### WHAT YOU HAVE TO DO
Find the line containing "As they say, past" in the entries below. Restate it and each line after it, word for word, up to and including the line containing "Działka o powierzchni".

### DATA TO USE
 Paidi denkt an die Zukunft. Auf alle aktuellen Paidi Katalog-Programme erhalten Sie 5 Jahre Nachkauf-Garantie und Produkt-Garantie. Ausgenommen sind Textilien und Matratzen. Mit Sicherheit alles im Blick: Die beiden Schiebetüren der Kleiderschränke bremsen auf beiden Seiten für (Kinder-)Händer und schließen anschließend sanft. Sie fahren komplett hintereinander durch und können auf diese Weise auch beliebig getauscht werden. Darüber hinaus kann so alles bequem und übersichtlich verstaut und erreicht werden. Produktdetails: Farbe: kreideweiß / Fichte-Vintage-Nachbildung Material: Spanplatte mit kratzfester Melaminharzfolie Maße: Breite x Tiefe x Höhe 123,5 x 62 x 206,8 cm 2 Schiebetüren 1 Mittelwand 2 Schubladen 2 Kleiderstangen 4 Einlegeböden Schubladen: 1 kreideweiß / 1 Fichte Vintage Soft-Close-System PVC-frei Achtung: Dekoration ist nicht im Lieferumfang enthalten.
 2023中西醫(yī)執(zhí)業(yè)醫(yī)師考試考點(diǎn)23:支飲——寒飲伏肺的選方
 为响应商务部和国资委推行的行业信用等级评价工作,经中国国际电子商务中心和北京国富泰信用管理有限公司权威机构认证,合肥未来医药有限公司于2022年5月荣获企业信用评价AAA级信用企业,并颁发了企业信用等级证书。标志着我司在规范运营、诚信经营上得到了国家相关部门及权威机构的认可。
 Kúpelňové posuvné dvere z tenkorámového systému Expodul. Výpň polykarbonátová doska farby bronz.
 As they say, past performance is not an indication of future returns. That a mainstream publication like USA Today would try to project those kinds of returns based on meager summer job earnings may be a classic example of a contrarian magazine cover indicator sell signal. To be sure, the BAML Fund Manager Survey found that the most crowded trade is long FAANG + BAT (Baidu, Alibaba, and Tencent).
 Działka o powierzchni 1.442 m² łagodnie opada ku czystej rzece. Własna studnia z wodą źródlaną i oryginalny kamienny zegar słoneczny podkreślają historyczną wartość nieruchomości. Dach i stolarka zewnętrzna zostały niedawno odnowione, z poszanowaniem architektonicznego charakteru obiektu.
---
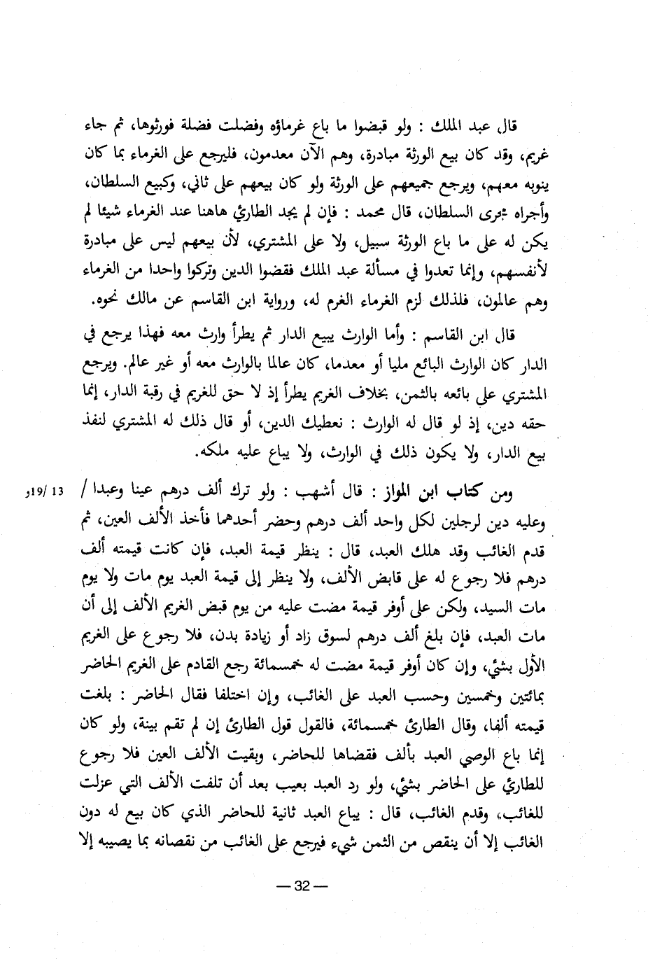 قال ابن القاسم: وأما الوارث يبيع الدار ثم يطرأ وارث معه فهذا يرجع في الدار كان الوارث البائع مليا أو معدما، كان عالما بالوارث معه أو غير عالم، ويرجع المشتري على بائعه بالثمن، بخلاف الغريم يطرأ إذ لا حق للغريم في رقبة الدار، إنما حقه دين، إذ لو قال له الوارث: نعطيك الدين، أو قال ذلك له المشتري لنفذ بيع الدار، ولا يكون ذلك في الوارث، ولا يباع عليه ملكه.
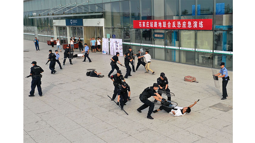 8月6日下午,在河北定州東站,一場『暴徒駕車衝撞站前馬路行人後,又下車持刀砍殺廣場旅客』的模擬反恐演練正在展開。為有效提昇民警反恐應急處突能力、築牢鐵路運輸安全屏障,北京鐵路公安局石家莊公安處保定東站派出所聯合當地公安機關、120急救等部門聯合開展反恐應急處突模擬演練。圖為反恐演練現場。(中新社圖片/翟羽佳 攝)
...
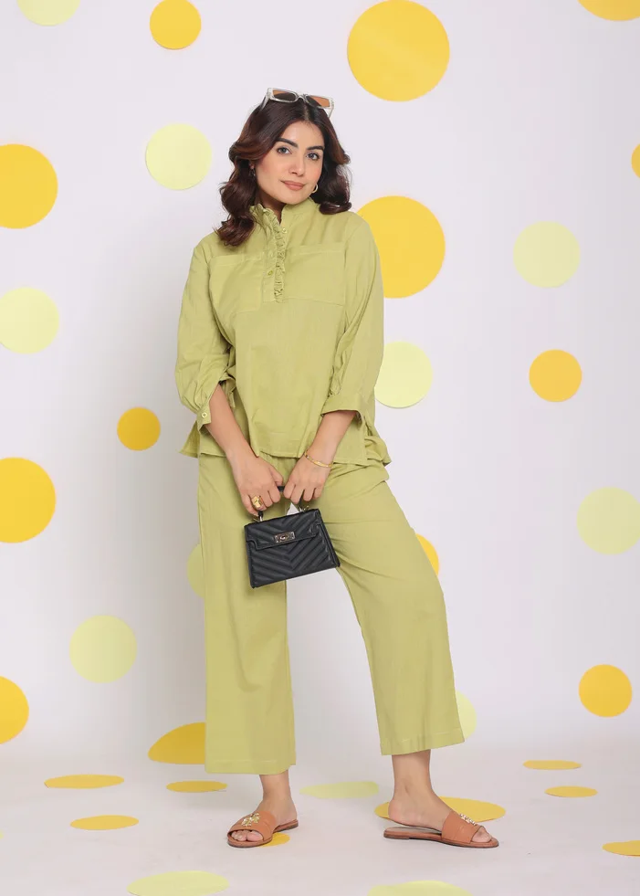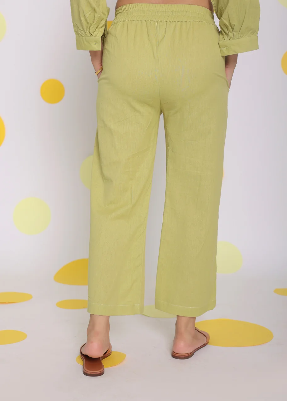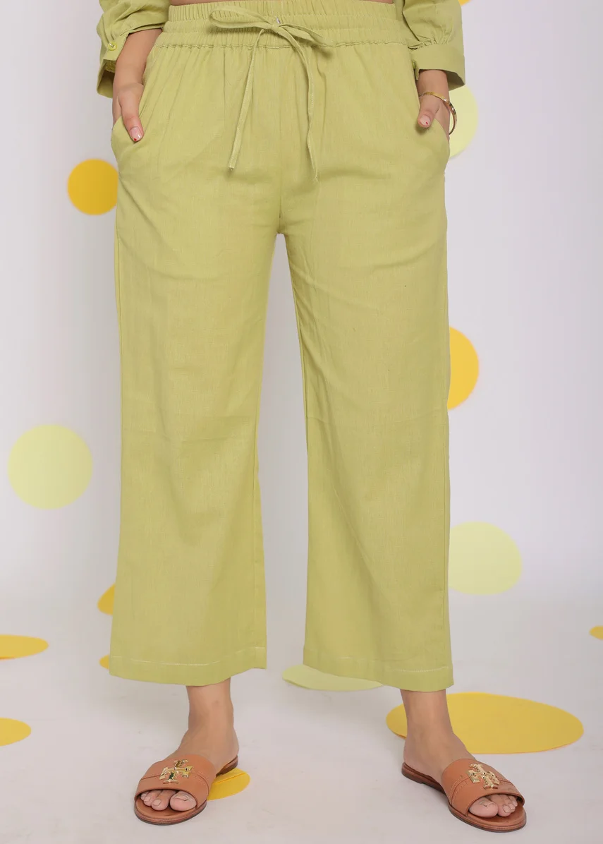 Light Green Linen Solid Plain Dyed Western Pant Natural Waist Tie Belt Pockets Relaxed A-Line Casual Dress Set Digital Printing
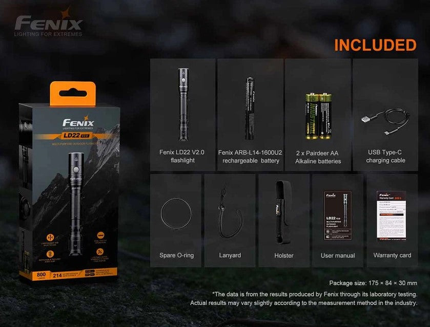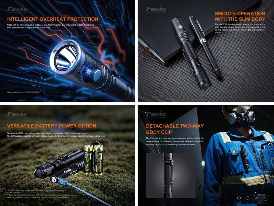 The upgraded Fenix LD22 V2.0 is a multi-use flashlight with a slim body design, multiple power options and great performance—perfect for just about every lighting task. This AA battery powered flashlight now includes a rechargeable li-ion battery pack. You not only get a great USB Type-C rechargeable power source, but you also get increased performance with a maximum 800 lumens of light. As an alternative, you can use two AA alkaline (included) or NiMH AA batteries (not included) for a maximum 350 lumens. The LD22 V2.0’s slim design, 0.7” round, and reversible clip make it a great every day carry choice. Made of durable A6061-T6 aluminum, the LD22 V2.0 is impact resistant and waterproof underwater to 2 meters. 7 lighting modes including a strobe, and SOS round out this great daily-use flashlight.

### OUTPUT FOR THIS EXERCISE
 As they say, past performance is not an indication of future returns. That a mainstream publication like USA Today would try to project those kinds of returns based on meager summer job earnings may be a classic example of a contrarian magazine cover indicator sell signal. To be sure, the BAML Fund Manager Survey found that the most crowded trade is long FAANG + BAT (Baidu, Alibaba, and Tencent).
 Działka o powierzchni 1.442 m² łagodnie opada ku czystej rzece. Własna studnia z wodą źródlaną i oryginalny kamienny zegar słoneczny podkreślają historyczną wartość nieruchomości. Dach i stolarka zewnętrzna zostały niedawno odnowione, z poszanowaniem architektonicznego charakteru obiektu.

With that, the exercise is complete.